"Big Data" is more than a buzzword. It can also be a literal description.
The McKinsey Global Institute says that 15 out of 17 business sectors have more data stored per company than the U.S. Library of Congress. Dealing with this data is no longer a strategic choice for banks, but a competitive necessity, and that's challenging banks to not only harness the information they have, but make decisions on what to discard.
Advice is available from groups such as the Open Data Center Alliance (ODCA), which has published a guide to making data-based decisions. The guide includes definitions of Big Data, use cases and steps in planning a Big Data strategy, including when to use Big Data, solution sources, and staffing considerations. ODCA suggests examining the enterprise's needs, identifying use cases and testing them.
"When I look over the [ODCA] guide, it's on the right track, but it will take time and energy to get it fully in place," says Rodney Nelsestuen, senior research director at CEB Towergroup.
"I think the big issue with Big Data is you don't try to boil the ocean. I talk with IT people who look at 'big data' as the next big thing, to be able to provide and capture all data. But how do you classify this data, the internal use versus external use?" says Nelsestuen.
Large banks are moving forward with projects that leverage not only broader data sets from traditional sources such as transactions and payments records, but also emerging alternative sources such as social networking sites. BNY Mellon (BK) and State Street (STT) are both in the midst of projects that will leverage new data sourcing to fundamentally change how the banks gather, analyze and deliver information to inform customer-facing and internal functions.
As these initiatives move down market to smaller banks out of competitive necessity, there's a greater challenge to recognize what data is actually valuable and what is unnecessary or overkill.
Some estimates suggest that 90 percent of all existing data has been produced over the past two years. Nelsestuen says managing that vast amount of data will require added technology expense in gathering, storage and analysis. "It's going to take a great deal of resources to provide a Big Data solution that will be proprietary …including [technology such as] search engines with in-memory analytics and a data collection and crunching capability. All of these technologies are necessary to handle data of that magnitude," Nelsestuen says.
The crunching of unstructured data and structured data has its cost. "You need a big investment in enabling technology, you can use technology to take the time to do Monte Carlo simulation from 24 hours to 24 minutes, for example, but that's not free," Nelsestuen says. (A Monte Carlo simulation is a mathematical technique used by risk managers, financial IT executives, project managers and other professionals to determine varied outcomes for a specific course of action. It was first used on the atomic bomb project and is a staple of risk management.)
Michael Chui, a principal at the McKinsey Global Institute, says new data projects pose added challenges in security, organization and compliance. Part of the problem is the basic organization, since banks will be using data that they are not originally compiling, which adds to scrubbing needs. "There are technical challenges.
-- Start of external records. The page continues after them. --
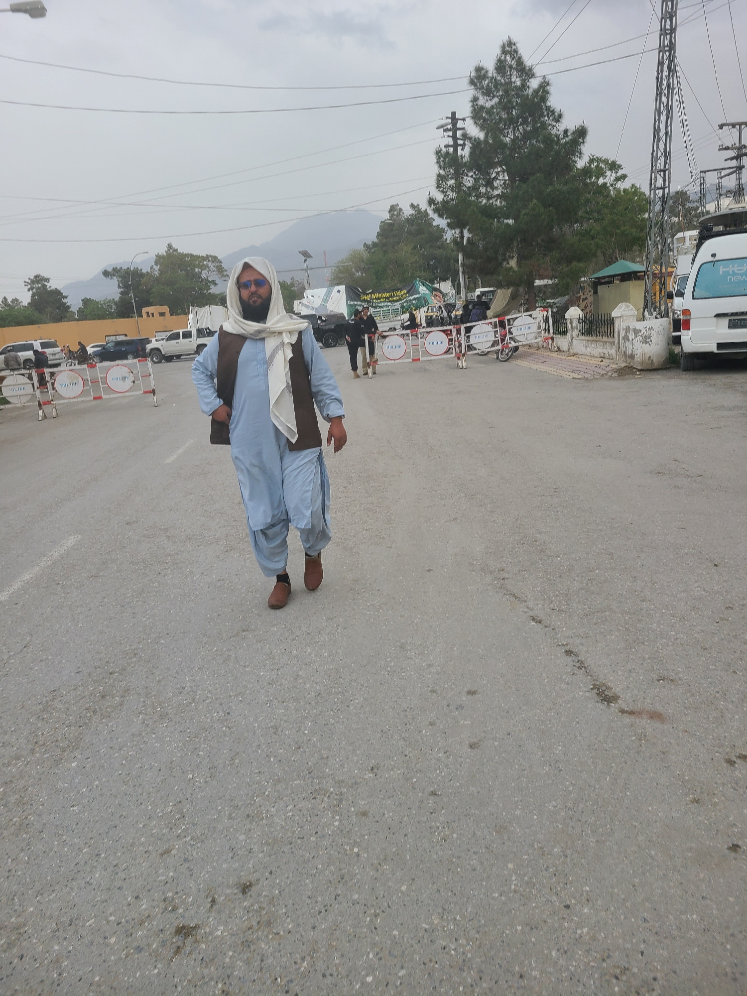 The image shows a man wearing a light blue outfit, a brown vest, and a white head covering. He is standing on a paved road. In the background, there are trees, power lines, buildings, vehicles, and barriers. The photo appears to be taken in Quetta City Tehsil, Pakistan. | Open Wire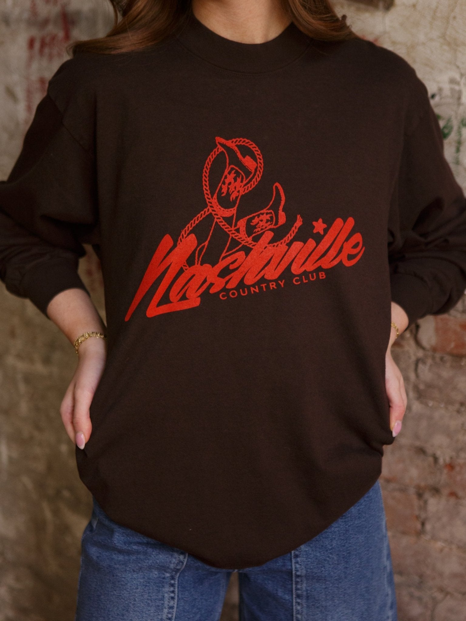 Meet the Nashville Country Club Long Sleeve — the heavyweight tee for every girl who loves a little cowgirl charm. With an oversized fit and a fun boot-and-rope print, it’s the perfect throw-on-and-go top for lazy mornings, road trip playlists, or grabbing lattes before class.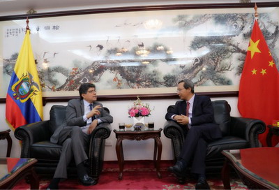 2018年11月23日晚,应驻厄瓜多尔大使王玉林邀请,厄瓜多尔外长瓦伦西亚做客驻厄使馆,双方就两国关系等交换了意见和看法。

Unstructured data doesn't fit nicely into rows and columns," he says.
There will also be legal and added risk expense, as the use of new data is reconciled with compliance and security protocols. "As the sourcing of data increases, it will increase the temptation of bad actors to access that data in a way that's unauthorized," Chui says.
Some of the early bank projects include prioritization techniques that provide an example. BNY Mellon's project includes an initiative to centralize and automate data retention schedules for paper and electronic delivery, including structured and unstructured data that can be subject to legal discovery.
The bank is unifying processes in legal, risk, and IT and is providing a framework to link job duties and data across departments. It's also creating a global standard taxonomy that identifies the business value of all information. The idea is to determine what data needs to be stored and what data is no longer necessary.